> _TASK STATEMENT_:
Reproduce the full listing as it stands. Images do not belong in the copy.

> _COLLECTED DATA_:

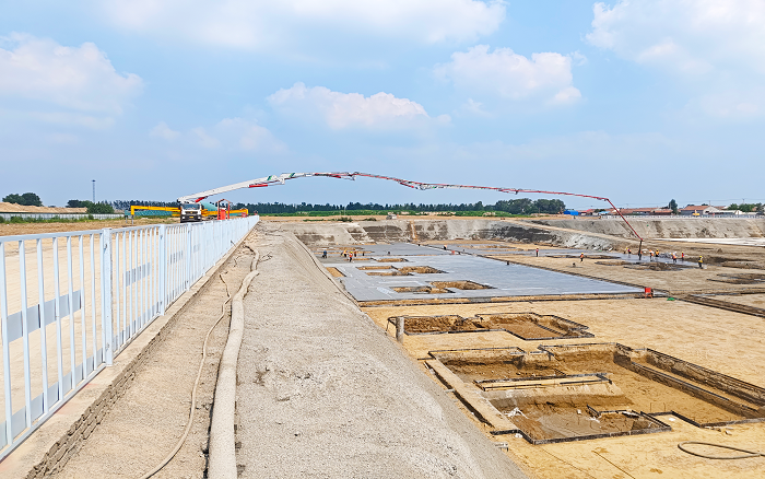 近日,在山东陵城某物流园建设现场,星空官方网页版72米泵车凭借卓越性能成为施工主力。
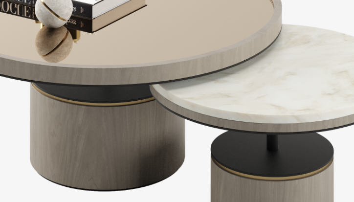 A dynamic duo, the PAROS Coffee table’s two distinct volumes share a similar silhouette but a singular material mix. Play around with both pieces, positioning both together in an overlapping formation or placing separately when individual surface space is required.
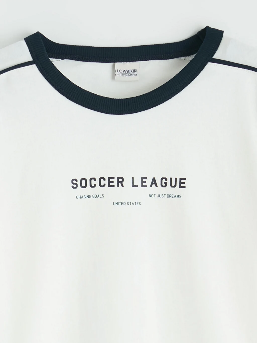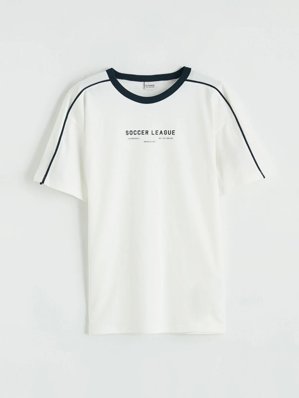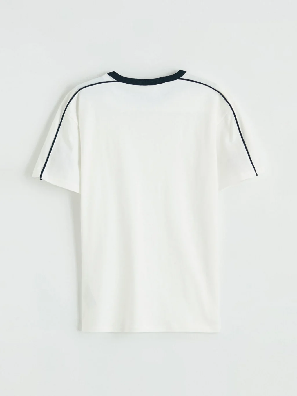 Bisiklet yaka ve kısa kollu erkek çocuk tişört, %100 pamuklu kumaştan üretilmiştir. Önü baskılıdır ve omuzdan kol ucuna uzanan şerit detayı bulunur.
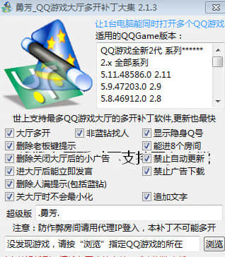 勇芳QQ游戏大厅多开补丁是一个用于QQ游戏大厅多开的补丁软件。玩家可以通过本软件不限制任意打开多个游戏大厅,登陆多个QQ号进入多个房间。是玩家升级,刷跟的必备工具。

> _TASK OUTPUT_:
 近日,在山东陵城某物流园建设现场,星空官方网页版72米泵车凭借卓越性能成为施工主力。
 A dynamic duo, the PAROS Coffee table’s two distinct volumes share a similar silhouette but a singular material mix. Play around with both pieces, positioning both together in an overlapping formation or placing separately when individual surface space is required.
 Bisiklet yaka ve kısa kollu erkek çocuk tişört, %100 pamuklu kumaştan üretilmiştir. Önü baskılıdır ve omuzdan kol ucuna uzanan şerit detayı bulunur.
 勇芳QQ游戏大厅多开补丁是一个用于QQ游戏大厅多开的补丁软件。玩家可以通过本软件不限制任意打开多个游戏大厅,登陆多个QQ号进入多个房间。是玩家升级,刷跟的必备工具。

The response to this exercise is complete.